Think what you will about Scientology (and I don't think about it too much), it hasn't by any stretch been in the forefront of the religious right's political anti-gay campaign. So what to make of the call to boycott Hollywood's latest version of "Hairspray" because it stars John Travolta, a prominent Scientologist? What's next, calls to boycott movies with devout Southern Baptists, Mormons or Catholics (which, if you buy the "logic" of this campaign, would actually make more sense)? In fact, the whole thing smacks of a cheap stunt, or at least narrow-mindedness-which, ironically, is what "Hairspray" is dissing.

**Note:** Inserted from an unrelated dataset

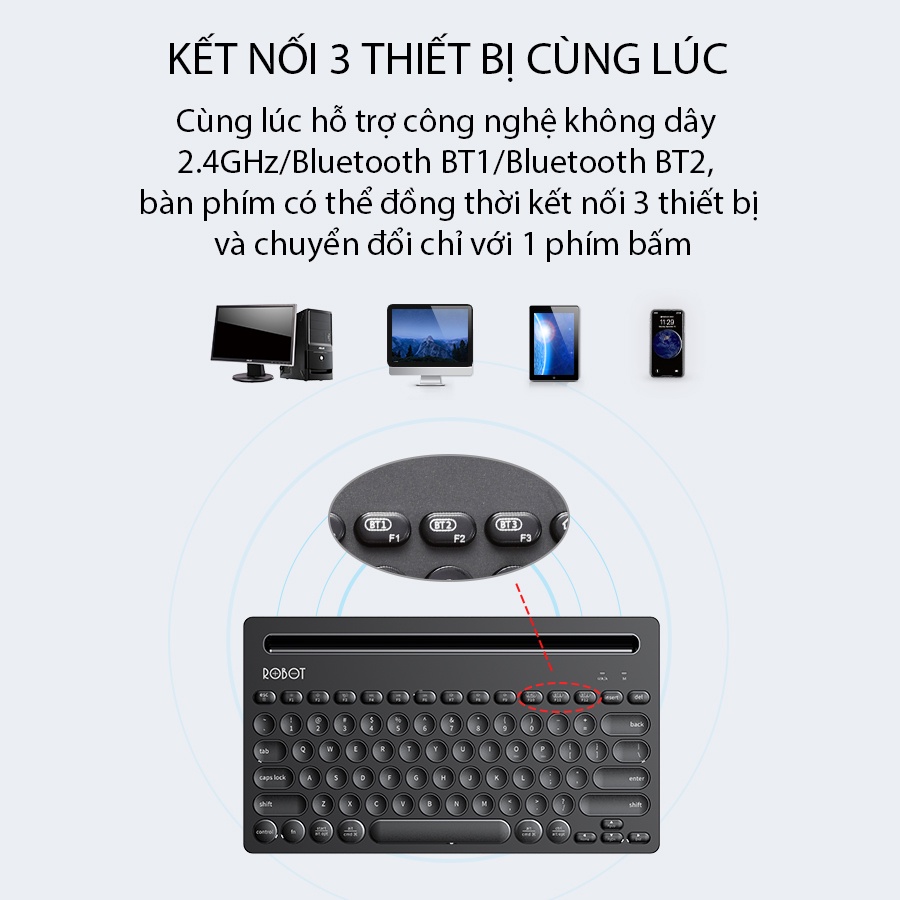 BÀN PHÍM ĐA NĂNG ROBOT KB10 - HAI CHẾ ĐỘ KẾT NỐI KHÔNG DÂY 2.4 GHZ VÀ BLUETOOTH - THIẾT KẾ NHỎ GỌN CÓ KHE GIÁ ĐỠ ĐIỆN THOẠI - BẢO HÀNH 12 THÁNGSản phẩm chính hãng ROBOT

Travolta, for his part, vehemently denies he (or Scientology) is anti-gay. And John Walters, gay-camp auteur of the original film, is backing him up.
A more legitimate critique of the newest "Hairspray," made by some critics, is that the original 1988 indie film starring the late, famed transvestite "Divine," and the subsequent Broadway incarnation starring Harvey Fierstein (who also cut his performance teeth as a cross-dresser) were in-your-face transgressive. You never doubted that Divine or Fierstein were drag queens playing big mama Edna Turnblad, which expanded the theme of prejudice against those outside the mainstream. Whereas Travolta, the AP's Christy Lemire writes, plays Edna as a woman, not as a drag queen pretending to be a women. "He plays it straight, for lack of a better word, and with a touch of pathos. The joke is completely lost," she laments.
That may or may not be a legitimate critique, but if gay activists and activist-editors feel that way, their beef is with the film's openly gay producers, Craig Zadan and Neil Meron, and not with Travolta-or Scientology.